= Exercise details =
Leave out any pictures and transcribe all other data below exactly.
*** Opening Dataset content ***
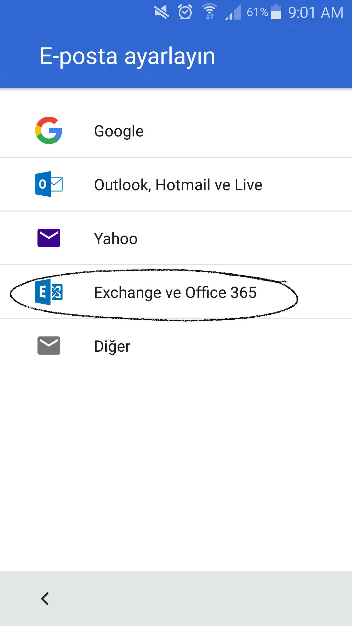 Exchange Posta türünü seçiyoruz
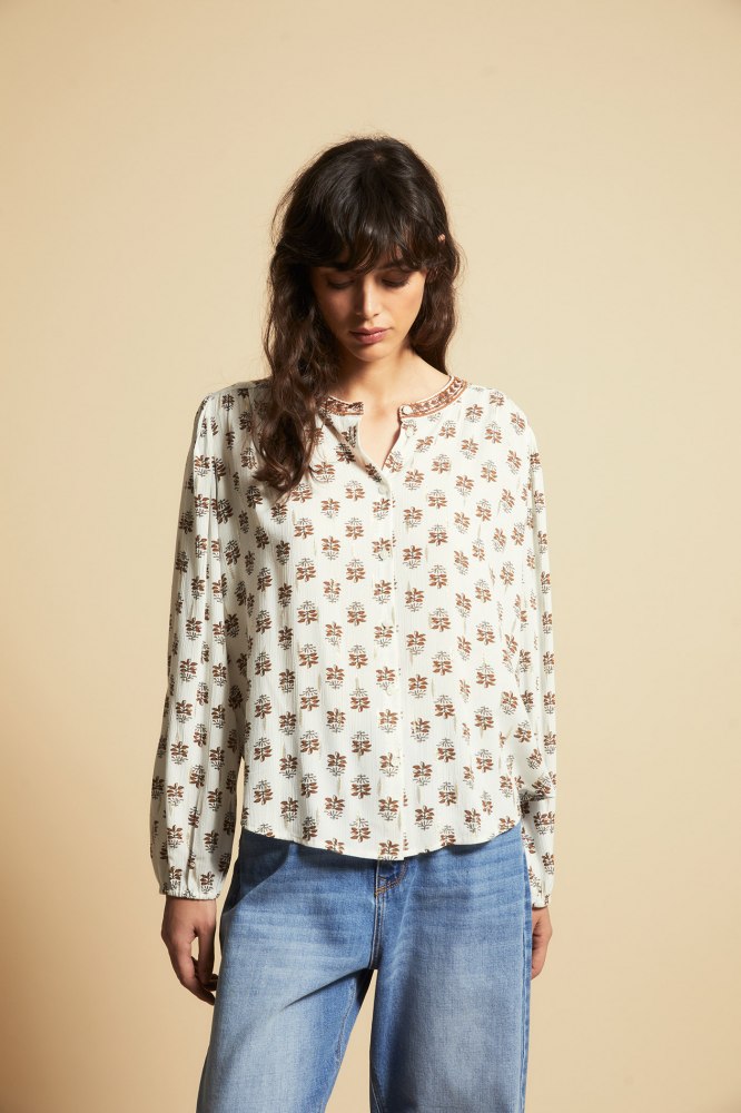 Blusa bordados contraste
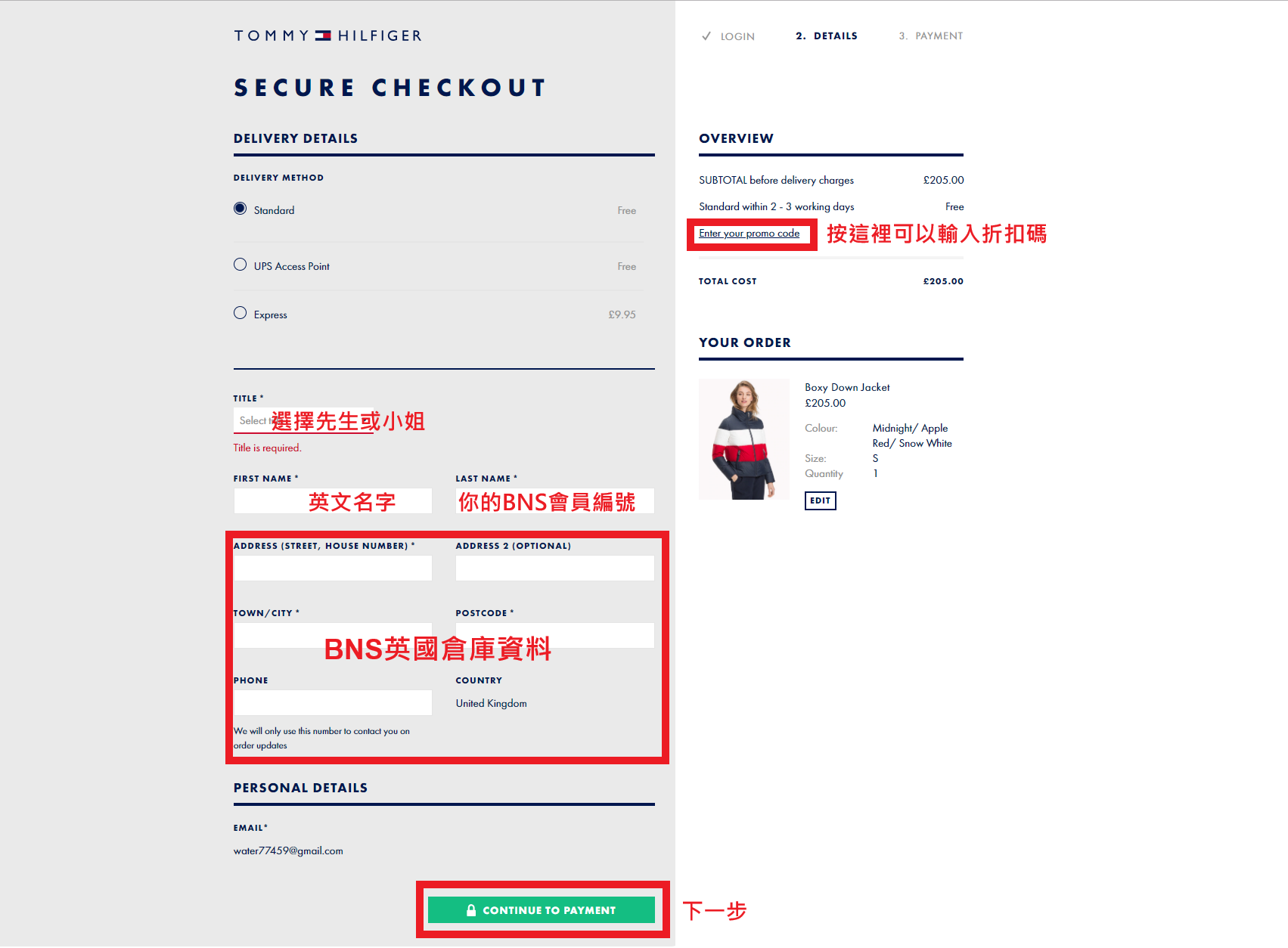 Step5. 接著會進入選擇運送方式、填寫收件地址的頁面,如下圖,記得在「LAST NAME」欄位要填寫BNS會員編號喔!填寫完成後請按綠色區塊接續下個步驟
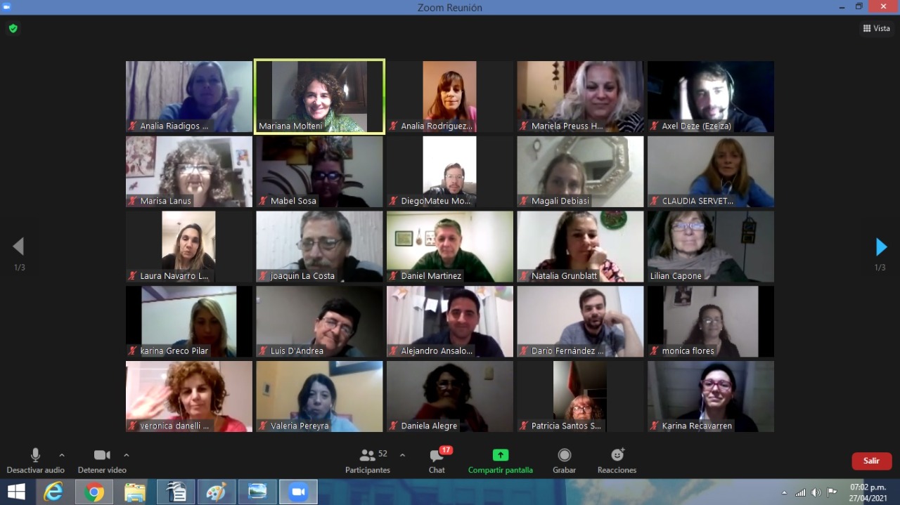 El miércoles 28 de abril se llevó adelante la primera reunión anual de cursantes y tutorxs de la Especialización en Gestión de la Salud y la Seguridad en el Trabajo que dicta el Instituto Provincial para la Administración Pública (IPAP), encuentro que contó con la presencia de más de 50 compañerxs, Secretarixs Generales y la Conducción Provincial de la Secretaría de Salud del SUTEBA.
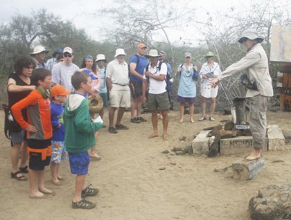 Eruptions millions of years ago took place on the northeastern side of the island, bringing different compositions of lava. Those eruptions that reached the ocean started to heat up the water and therefore killed many species of animals and plants. Several of the species affected by this phenomenon are shells and corals. Wave action took place as the saltiness of the ocean broke all of these organisms until a beach resulted from such a process. Sandy beaches are the most comfortable places for Galapagos sea lions to relax and rest after spending several days out in the middle of the ocean looking for food to bring back to their pups. The name of this place is Gardner Bay, and during the morning our guests practiced snorkeling activities in these waters, and enjoyed some time at the beach walking along the sea lion’s colony.
*** Closing Dataset content ***
= Exercise result =
 Exchange Posta türünü seçiyoruz
 Blusa bordados contraste
 Step5. 接著會進入選擇運送方式、填寫收件地址的頁面,如下圖,記得在「LAST NAME」欄位要填寫BNS會員編號喔!填寫完成後請按綠色區塊接續下個步驟
 El miércoles 28 de abril se llevó adelante la primera reunión anual de cursantes y tutorxs de la Especialización en Gestión de la Salud y la Seguridad en el Trabajo que dicta el Instituto Provincial para la Administración Pública (IPAP), encuentro que contó con la presencia de más de 50 compañerxs, Secretarixs Generales y la Conducción Provincial de la Secretaría de Salud del SUTEBA.
 Eruptions millions of years ago took place on the northeastern side of the island, bringing different compositions of lava. Those eruptions that reached the ocean started to heat up the water and therefore killed many species of animals and plants. Several of the species affected by this phenomenon are shells and corals. Wave action took place as the saltiness of the ocean broke all of these organisms until a beach resulted from such a process. Sandy beaches are the most comfortable places for Galapagos sea lions to relax and rest after spending several days out in the middle of the ocean looking for food to bring back to their pups. The name of this place is Gardner Bay, and during the morning our guests practiced snorkeling activities in these waters, and enjoyed some time at the beach walking along the sea lion’s colony.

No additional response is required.